*** Begin section ***

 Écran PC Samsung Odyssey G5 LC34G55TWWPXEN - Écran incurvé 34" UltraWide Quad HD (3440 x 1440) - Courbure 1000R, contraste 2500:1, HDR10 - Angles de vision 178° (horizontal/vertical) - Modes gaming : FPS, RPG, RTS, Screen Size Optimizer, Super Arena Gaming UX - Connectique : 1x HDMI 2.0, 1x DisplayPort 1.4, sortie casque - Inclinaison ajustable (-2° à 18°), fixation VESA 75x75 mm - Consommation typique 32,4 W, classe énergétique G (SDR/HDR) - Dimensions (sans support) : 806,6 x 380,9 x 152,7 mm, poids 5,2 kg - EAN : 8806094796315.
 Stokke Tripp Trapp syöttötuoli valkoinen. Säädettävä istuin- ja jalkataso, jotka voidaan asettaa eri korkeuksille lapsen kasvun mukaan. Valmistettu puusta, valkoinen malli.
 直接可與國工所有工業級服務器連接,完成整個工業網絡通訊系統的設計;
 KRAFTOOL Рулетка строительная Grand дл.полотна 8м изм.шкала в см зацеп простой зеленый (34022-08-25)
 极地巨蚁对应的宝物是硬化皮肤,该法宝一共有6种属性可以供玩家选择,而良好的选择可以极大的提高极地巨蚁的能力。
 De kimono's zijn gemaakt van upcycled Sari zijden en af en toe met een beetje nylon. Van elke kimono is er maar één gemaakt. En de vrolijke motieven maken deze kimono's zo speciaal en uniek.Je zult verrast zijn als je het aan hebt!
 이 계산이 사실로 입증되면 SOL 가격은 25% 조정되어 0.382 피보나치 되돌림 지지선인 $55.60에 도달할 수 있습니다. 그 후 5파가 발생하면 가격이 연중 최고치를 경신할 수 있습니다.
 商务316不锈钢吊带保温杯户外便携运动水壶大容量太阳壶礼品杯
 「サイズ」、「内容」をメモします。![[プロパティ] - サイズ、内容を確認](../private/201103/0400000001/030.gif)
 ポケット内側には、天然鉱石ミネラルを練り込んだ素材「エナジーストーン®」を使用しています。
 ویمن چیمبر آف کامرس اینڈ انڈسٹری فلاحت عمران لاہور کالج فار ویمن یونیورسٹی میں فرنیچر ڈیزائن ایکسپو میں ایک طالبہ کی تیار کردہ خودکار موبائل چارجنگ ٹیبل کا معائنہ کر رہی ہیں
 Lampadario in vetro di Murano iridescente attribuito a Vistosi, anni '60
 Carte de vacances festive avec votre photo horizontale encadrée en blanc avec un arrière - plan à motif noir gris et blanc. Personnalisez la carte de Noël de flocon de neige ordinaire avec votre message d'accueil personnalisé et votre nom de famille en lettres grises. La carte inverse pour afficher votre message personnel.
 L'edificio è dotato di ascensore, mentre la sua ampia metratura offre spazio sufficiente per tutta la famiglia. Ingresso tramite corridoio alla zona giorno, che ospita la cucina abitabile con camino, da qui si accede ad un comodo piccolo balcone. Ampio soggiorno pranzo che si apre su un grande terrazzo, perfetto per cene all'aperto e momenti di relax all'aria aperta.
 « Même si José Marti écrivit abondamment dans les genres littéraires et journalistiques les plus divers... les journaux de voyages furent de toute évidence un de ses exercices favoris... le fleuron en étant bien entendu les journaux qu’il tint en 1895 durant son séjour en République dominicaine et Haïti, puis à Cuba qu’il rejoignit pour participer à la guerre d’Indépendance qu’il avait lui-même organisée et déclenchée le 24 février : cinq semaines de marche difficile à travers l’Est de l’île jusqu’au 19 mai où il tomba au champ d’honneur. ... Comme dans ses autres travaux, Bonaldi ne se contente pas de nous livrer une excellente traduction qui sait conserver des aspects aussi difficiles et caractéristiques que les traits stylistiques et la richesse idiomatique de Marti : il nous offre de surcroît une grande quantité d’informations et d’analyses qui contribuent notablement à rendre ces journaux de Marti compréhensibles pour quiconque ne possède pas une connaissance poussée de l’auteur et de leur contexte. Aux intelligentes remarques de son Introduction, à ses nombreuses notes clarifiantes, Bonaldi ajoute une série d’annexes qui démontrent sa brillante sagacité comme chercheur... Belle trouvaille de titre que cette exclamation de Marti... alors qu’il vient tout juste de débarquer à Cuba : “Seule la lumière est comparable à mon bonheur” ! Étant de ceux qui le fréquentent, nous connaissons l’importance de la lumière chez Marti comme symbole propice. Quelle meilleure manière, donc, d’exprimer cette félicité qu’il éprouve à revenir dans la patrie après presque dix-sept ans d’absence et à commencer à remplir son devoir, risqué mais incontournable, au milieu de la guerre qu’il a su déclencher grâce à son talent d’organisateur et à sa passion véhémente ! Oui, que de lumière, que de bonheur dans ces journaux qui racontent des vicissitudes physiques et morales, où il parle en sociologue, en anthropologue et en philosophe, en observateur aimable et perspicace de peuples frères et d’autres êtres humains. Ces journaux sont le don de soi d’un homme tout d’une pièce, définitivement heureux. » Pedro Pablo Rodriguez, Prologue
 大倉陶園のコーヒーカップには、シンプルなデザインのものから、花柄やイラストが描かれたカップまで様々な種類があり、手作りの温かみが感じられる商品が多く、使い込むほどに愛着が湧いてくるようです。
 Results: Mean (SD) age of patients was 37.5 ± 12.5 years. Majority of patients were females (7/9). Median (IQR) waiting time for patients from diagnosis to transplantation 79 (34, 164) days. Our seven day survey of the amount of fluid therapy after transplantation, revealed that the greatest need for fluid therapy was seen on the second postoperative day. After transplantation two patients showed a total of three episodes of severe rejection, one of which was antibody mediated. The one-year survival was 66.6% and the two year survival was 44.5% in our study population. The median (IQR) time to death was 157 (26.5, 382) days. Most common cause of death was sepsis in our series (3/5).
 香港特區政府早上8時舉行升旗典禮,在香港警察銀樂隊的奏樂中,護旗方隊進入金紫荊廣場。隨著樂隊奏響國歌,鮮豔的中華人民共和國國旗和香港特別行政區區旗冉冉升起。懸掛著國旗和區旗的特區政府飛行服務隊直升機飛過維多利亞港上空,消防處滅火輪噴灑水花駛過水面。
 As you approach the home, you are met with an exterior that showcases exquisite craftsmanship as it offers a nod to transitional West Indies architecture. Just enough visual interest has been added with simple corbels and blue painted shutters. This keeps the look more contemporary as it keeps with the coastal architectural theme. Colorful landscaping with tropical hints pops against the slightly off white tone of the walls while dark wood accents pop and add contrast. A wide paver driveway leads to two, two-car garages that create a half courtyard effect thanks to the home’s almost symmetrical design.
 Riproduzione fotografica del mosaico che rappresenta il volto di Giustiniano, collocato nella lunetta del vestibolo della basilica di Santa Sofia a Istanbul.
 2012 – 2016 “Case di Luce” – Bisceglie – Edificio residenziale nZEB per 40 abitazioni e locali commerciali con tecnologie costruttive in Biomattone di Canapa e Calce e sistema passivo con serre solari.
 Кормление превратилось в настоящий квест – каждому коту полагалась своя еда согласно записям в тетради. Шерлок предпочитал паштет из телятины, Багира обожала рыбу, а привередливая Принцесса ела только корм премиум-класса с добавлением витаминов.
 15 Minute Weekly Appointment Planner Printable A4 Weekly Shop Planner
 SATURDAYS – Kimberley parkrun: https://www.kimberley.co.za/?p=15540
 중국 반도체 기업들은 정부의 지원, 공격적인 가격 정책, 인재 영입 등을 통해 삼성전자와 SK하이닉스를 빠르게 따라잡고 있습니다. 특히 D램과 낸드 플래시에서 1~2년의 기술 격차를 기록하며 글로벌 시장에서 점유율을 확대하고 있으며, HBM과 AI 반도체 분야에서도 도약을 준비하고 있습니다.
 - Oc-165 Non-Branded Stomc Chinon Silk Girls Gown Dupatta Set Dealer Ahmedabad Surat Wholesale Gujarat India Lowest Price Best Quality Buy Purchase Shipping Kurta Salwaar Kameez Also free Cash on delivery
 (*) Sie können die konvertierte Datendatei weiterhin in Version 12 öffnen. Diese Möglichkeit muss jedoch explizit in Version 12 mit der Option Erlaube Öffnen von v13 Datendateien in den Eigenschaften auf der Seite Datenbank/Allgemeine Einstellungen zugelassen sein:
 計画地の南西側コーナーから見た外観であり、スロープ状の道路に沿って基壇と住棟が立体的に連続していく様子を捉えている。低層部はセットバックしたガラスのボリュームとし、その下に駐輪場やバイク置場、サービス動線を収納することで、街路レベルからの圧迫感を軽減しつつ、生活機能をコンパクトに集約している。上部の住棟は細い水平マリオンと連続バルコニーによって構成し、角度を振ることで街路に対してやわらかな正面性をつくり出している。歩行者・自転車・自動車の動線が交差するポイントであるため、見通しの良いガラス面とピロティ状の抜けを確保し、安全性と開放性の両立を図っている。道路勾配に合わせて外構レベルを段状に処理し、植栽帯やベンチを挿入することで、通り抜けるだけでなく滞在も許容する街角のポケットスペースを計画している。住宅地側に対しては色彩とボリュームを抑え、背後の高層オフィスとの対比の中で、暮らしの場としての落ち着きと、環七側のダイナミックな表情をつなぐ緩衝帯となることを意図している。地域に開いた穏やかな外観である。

*** End section ***

Work required: In the listing above, find the line containing "Riproduzione fotografica del" and the line containing "SATURDAYS – Kimberley", then quote both, plus every line between them, exactly as written.

Exercise response:
 Riproduzione fotografica del mosaico che rappresenta il volto di Giustiniano, collocato nella lunetta del vestibolo della basilica di Santa Sofia a Istanbul.
 2012 – 2016 “Case di Luce” – Bisceglie – Edificio residenziale nZEB per 40 abitazioni e locali commerciali con tecnologie costruttive in Biomattone di Canapa e Calce e sistema passivo con serre solari.
 Кормление превратилось в настоящий квест – каждому коту полагалась своя еда согласно записям в тетради. Шерлок предпочитал паштет из телятины, Багира обожала рыбу, а привередливая Принцесса ела только корм премиум-класса с добавлением витаминов.
 15 Minute Weekly Appointment Planner Printable A4 Weekly Shop Planner
 SATURDAYS – Kimberley parkrun: https://www.kimberley.co.za/?p=15540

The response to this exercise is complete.